Right now, the project’s Goals are assigned their proper context, which means for me they pop up whenever I’m doing anything. I’m thinking that they might benefit from either no context, or some context like “Creative Projects”. That way, if I have half an hour free and I’m feeling creative, I can check down my list and just do something that requires creativity, but otherwise they keep out of my way.

This is an interesting impact of the whole ubiquitous access to data thing: no matter where I am, as long as I have some form of electronic device I can probably work on one of my creative projects.

But why keep creative projects in GTD?

The whole reason this discussion got started was because GTD is designed for projects that break down into atomic tasks, and creative projects tend not to fit this mould. There are plenty of other ways to handle tasks: it’s easy to get fixated on GTD. The problem is, a lot of my work fits the GTD mould well, and creating a different system for creative projects adds another layer of complexity to finding out what I need to do. A lot of my creative projects are hobbies or free-time things. I find myself overwhelmed by everything else that takes my time, and if I don’t make time for them, and remind myself that I need to do them, they’ll end up falling by the wayside. By keeping my projects in my GTD system, they maintain first-class status.
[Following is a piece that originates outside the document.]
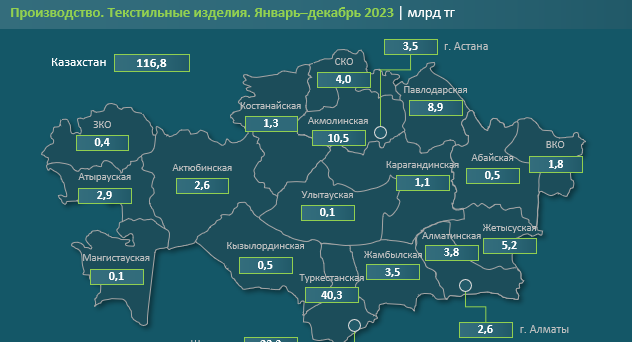 Производство текстильных изделий в РК за январь–декабрь 2023 года

And that means I’ll work on them more.


  1. Which I find an interesting transition, since I believe most of the changes in this time (ubiquitous communication and access to data), while helping with the creative process, don’t alter the creative process that hugely from where it would have been in 2001. However, at that point I was a teenager struggling with high school rather than clashing priorities, so I may be very wrong in this case. 

  2. Or alternatively, if I fanboy enough on here it seems I’ll eventually reveal everything in the book anyway.